Frailty and differences in other people often scare us. Why? They scare us because we see a reflection of what we fear in ourselves or because we just don’t know how to respond. Since we can’t live with this discomfort for too long, we make assumptions about and apply labels to those we fear. Now that we have come to a fabricated understanding about, labeled, and summarily discounted them from the inner circles of our lives, we can relax. There’s no need to spend time or energy discovering who these people really are, and confront the uncertainties that they represent. Then, we share our “knowledge” and labels with others and collectively build social fences to keep “undesirables” out. There. We have created a “stigma.”
Two Lives: Two Responses
Let’s look at how stigma works through the comparison of two lives.

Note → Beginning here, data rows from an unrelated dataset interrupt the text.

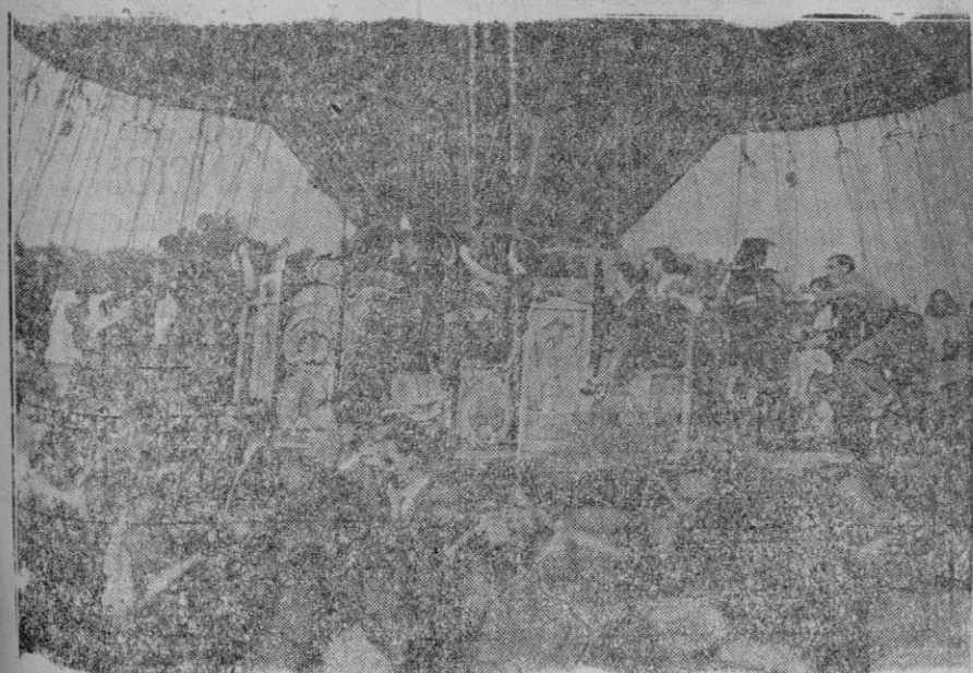
LA VERBENA DE SAN ANTONIO DE LA FLORIDA EN LA BOMBILLA.—Estudiantes y modistillas en la tradicional verbena madrileña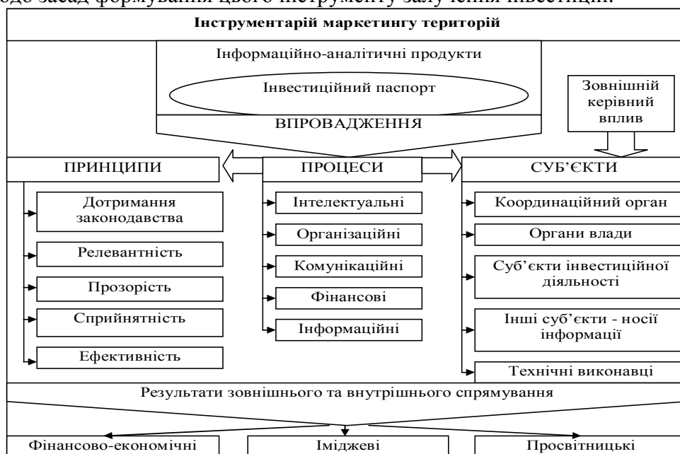
Рис. 1. Схема впровадження інвестиційного паспорта

У сучасній практиці для просування інвестиційних проектів та пропозицій найбільш широко використовуються різного роду інформаційно-аналітичні видання, серед яких першість належить так званим інвестиційним паспортам. На рис. 1 представлено пояснення щодо засад формування цього інструменту залучення інвестицій.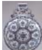
白地藍彩吉祥紋磁器 オランダ 18世紀 テルフト

出光美術館が所蔵する国内外屈指のコレクションから、17世紀から18世紀にかけての染付、古伊万里、色絵などを展示し、陶磁器の東西文化の交流と歴史をたどります。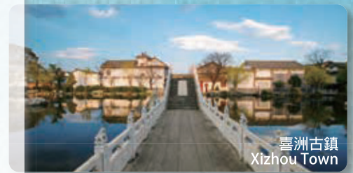
喜洲古鎮 Xizhou Town

Yitzchak, 22 years old, is the picture of competence and health. Everyone knows he’ll be successful in whatever he chooses to do. He is a choice shidduch prospect and has easily found his ideal kallah. Oh, Yitz might act impetuously now and then; but that can be seen as zerizut. He frequently texts or calls his kallah to find out where she is and what she’s doing. He’s a great catch and the phone calls show how much he cares. Time passes and we discover that this exemplary young man often demeans his wife and beats his child behind closed doors. Shocking! No symptoms, no reason for him to seek help, and no psychiatric diagnosis. Neighbors wonder, “How can such a personable and successful man do such a thing? What did his wife do to cause him to act this way?”
Then, there’s Estie, a 27 year old freelance writer with exemplary middot. She loves to read Michtav M’Eliyahu. Twice a week, she shops with Frady, a 75-year-old widow. Thursday is one of their shopping days. Estie checks her watch more often on Thursdays than on Mondays; she wants to be sure not to miss her psychotherapy appointment. You see Estie has been living with anxiety and depression since she was 15. A studious girl, she continually endured snide remarks by the high school “in crowd.” It could have been worse. Facebook and Twitter weren’t around in those days. Though hospitalized at 17 for 10 days, Estie has done quite well since the age of 22 with weekly therapy appointments, a decreasing dosage of anxiety medication, and a well balanced diet.

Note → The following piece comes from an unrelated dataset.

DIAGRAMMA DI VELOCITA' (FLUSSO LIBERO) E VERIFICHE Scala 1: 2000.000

So, Estie’s doing fairly well now. Ah, one problem. The “nasty secret” about her hospitalization and subsequent treatment is known by some in her community and by shadchanim. No one would imagine presenting her as a viable shidduch for a talmid chacham who would appreciate a marriage partner who will eagerly join him in exploring the depths of Rabbi Dessler’s works. So, every Shabbos, Estie curls up with her Michtav M’Eliyahu, as she prays that maybe, one day, she will find the man to whom she give love in the very way that Rabbi Dessler upholds as the highest form of loving.
Who should we fear – Yitchak or Estie? With whom would you rather share life’s wonders, pleasures, trials and tribulations? Why should a 10 day stay in the hospital’s psychiatric ward (10 years ago), successful weekly therapy sessions, and a couple of pink pills prevent her from meeting her bashert, who may or may not have any labels attached to him?
The Mark of Cain
People who are known to have received or are receiving mental health services are stigmatized and painted with one broad swath of paint signaling “avoidance.” It’s like the “mark of Cain” if you will. Therefore, they often feel compelled to vigilantly hide a part of themselves in order to be matched up, hired, or called upon for community service.
It’s a catch-22. If one reveals his history and condition, he may be avoided or treated differently. Yet, if he hides it, then, by definition, he conceals his authentic self from others. The social pressure to hide his mental health condition effectively perpetuates the very stigma that he decries and against which he struggles. Ultimately, it can’t be fully hidden, for it’s a part of him and the ways he perceives, understands, interacts with, and contributes to the world around him. Some of teachings of the revered Rebbe, Rabi Nachman of Breslov were inspired by his own battles against depression.
‘They’ Are Not All Alike
As indicated, stigma places people into convenient categories and justifies exclusion. Many people will not even consider meeting fine shidduch candidates with mental health service histories. Even those who have their own shidduch-related challenges will often discount candidates with known mental health disabilities. Their family, friends, and community leaders often support or promote this position. While this article’s author understands their concerns, she is troubled by the categorical assumptions that are made and the resulting prejudices. Mental health conditions differ in kind and in degree. Many people with mental health conditions have learned how to live with their disabilities, have become supports to others, including their spouses, and raise insightful children with wonderful middot. Stigma, based in fear, is a destructive barrier to potentially fruitful relationships.
What Can You Do to Deconstruct Stigma?
· Become inquisitive about others and their lives.
· Approach a person you usually avoid.
· Get to know each other at a comfortable pace.
What about that person do you really appreciate?
What do you share in common?
· Ask them for their help or advice.
· What can you learn from each other about meeting life’s challenges?
· Tell another friend what you’ve learned from that person
· Keep possibilities for shidduchim as open as possible.
· Explore humility. What is it? How can you use it in your encounters with others?